Both. _To take the knowing one in; For all declare, That cheating is fair, If it takes but the knowing one in._

[Exeunt.

SCENE III.

_An Apartment in the Hotel._

_Enter SIR JOHN BULL, with a large Patch upon his Forehead, and FRENCH WAITER._

_Sir J. B._ Ah, see when they catch me upon a race horse again!--That scoundrel, Tallyho, did it to break my neck--Above all the beasts o'the field, to mount me upon Kick-him-Jenny! But I must get something to this cut--Have you no 'pothecaries here in France? [_WAITER bows, and cringes._] I say, get me a doctor--[_WAITER bows and cringes._]--I want a surgeon.

[_Loud._

_Waiter._ Oui, you be Sir John--

[_Bows, &c._

_Sir J. B._ D'ye understand?--I was riding, and Tallyho's mare threw me--[_Roaring, WAITER bowing, &c._] You scoundrel! what, d'ye stand grinning at me? Get somebody to dress my head.

_Waiter._ Oui, monsieur.

[_Exit._

_Sir J. B._ Oh dear, oh dear! get me once out of France--Then my wife and daughter! such a pair of mademoiselles, as they are making of themselves, to receive this great French Colonel Epaulette----Egad, here they come, in full puff!

_Enter LADY BULL and DOLLY, extravagantly dressed._

_Sir J. B._ [_Bows ridiculously._] A-la-mode de Paree!

_Miss Dolly B._ Bless me, papa, what's the matter?

_Lady B._ What, have you been fighting, Sir John?

[_Looking at his Forehead._

_Sir J. B._ Fighting! no, my Lady Bull--I got upon Kick-him-Jenny, she threw me off, and broke my head.

[_Eying them curiously._

_Lady B._ What is he at now?

_Sir J. B._ Eh, nothing. [_Looking, and smothering a Laugh._] George, get me a pipe.

_Miss Dolly B._ La, papa, let's have no piping here!

_Lady B._ Pipes! what man, d'ye think you're at Dobney's bowling-green?

_Miss Dolly B._ Consider, we are now at Fontainbleau, in France, papa, the very country seat of the beau monde.

_Sir J. B._ Oh, very well--Mrs. Casey, get me yesterday's Ledger.

_Lady B._ Ledger! Oh, now, he's got to Garraway's--I tell you again, you are not at Margate, raffling for twopenny toys.

_Miss Dolly B._ Or dancing in your boots, at Dandelion, papa--La now, do, pa, get into the mode, like us!

_Sir J. B._ Thank you, daughter, but I'm not quite so modish.

_Lady B._ But, consider, my dear, if Colonel Epaulette does us the honour of a visit, how he'll be shocked at your appearance!

_Sir J. B._ Thank you, thank you, wife; but I don't think I'm quite so shocking.

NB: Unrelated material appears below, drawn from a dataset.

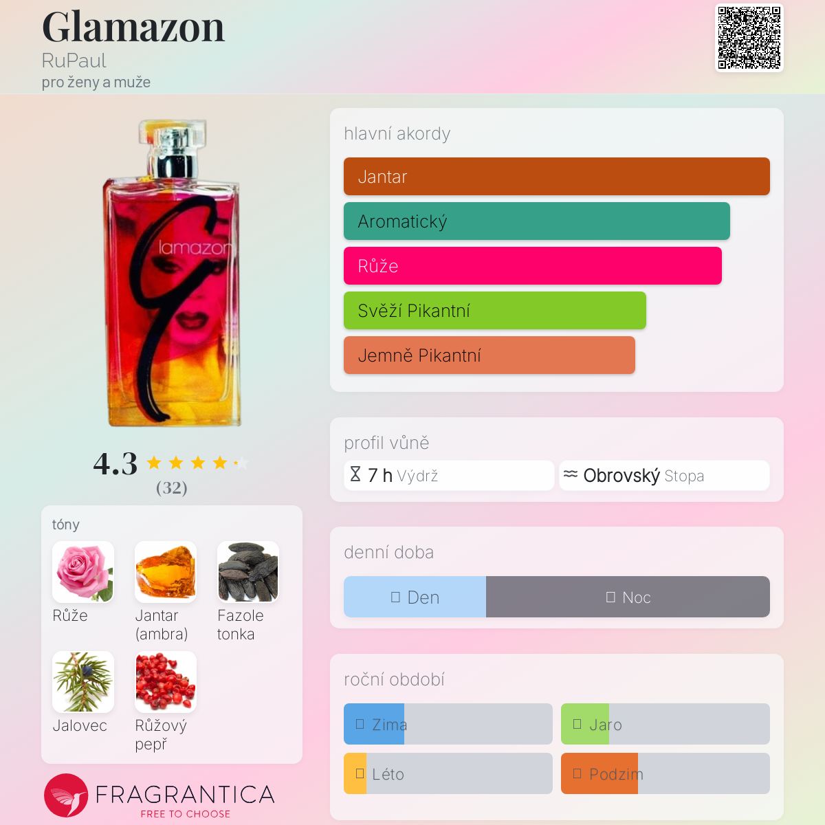 Glamazon podle RuPaul je Orientální Floral vůně pro ženy a muže. Glamazon byl/a uveden/a v roce 2013. Vrchní tón je Růžový pepř ; střední tón jeMarocká růže ; základní tóny jsou Jantar (ambra), Fazole tonka a Červený cedr.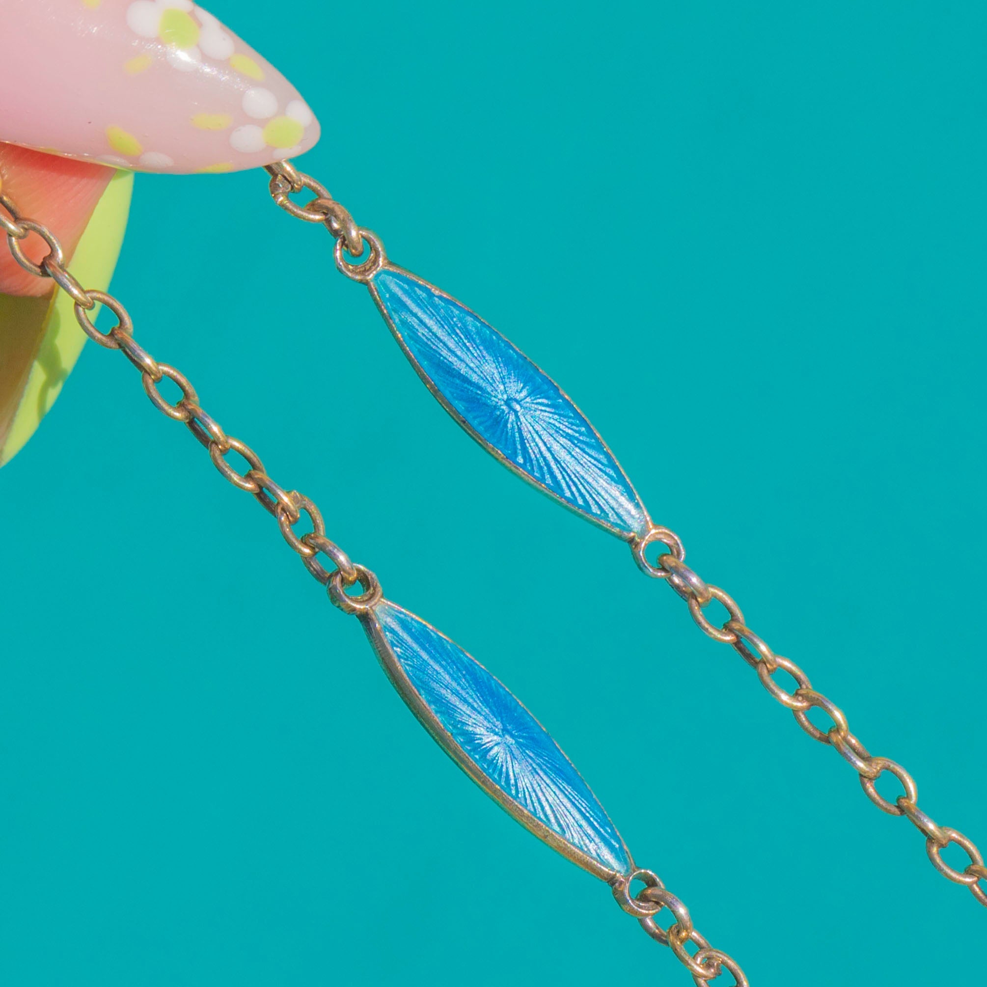 Glowing with that unmistakable Art Deco allure, this Silver chain is set with a sequence of elongated lozenge plaques of translucent blue guilloché Enamel. Each plaque reveals a delicate radiating starburst engine-turned pattern beneath the glassy Enamel, creating a play of light that shimmers with every movement.

_Lady B._ Then, if he does introduce us to the prince--Sir John, to tell you a secret, I have already sent for one Mr. Lapoche, a celebrated French tailor, to make you a new suit of clothes for the occasion.

_Sir J. B._ A French tailor for me!--very well, very well, ladies.

_Enter FIRST WAITER._

_Waiter._ Mr. Lackland, madam; would you chuse to see him?

_Sir J. B._ Ay, ay, let the poor devil come up.

[_Exit WAITER._

_Lady B._ Mr. Lackland! ay, here's more of your--a pretty thing, to come all the way to France, to pick up English acquaintances! and then, such a paltry--shabby----

_Enter LACKLAND, elegantly dressed in COLONEL EPAULETTE'S Clothes._

_Lack._ Ladies, your most obedient--How d'ye do, Bull?

_Sir J. B._ [_Looking at him with Surprise._] Shabby!--Eh!--Why, in the name of--Oh! ho!--Ha! ha! ha!--recovered the arables, or another old fool from Throgmorton Street?

_Lack._Oh, pray don't let my presence disconcert any body--Ladies, I dined with my friend Tallyho, and Colonel Epaulette; the colonel understanding that I admitted Sir John here, to some share of my notice, begged I'd make his respects, and that he'd wait on you immediately.

_Lady B._ Now, Miss Bull, summon all the graces.

_Miss Dolly B._ Oh, lud! and the powder's all--the d.u.c.h.ess's barber must t.i.tivate me up directly.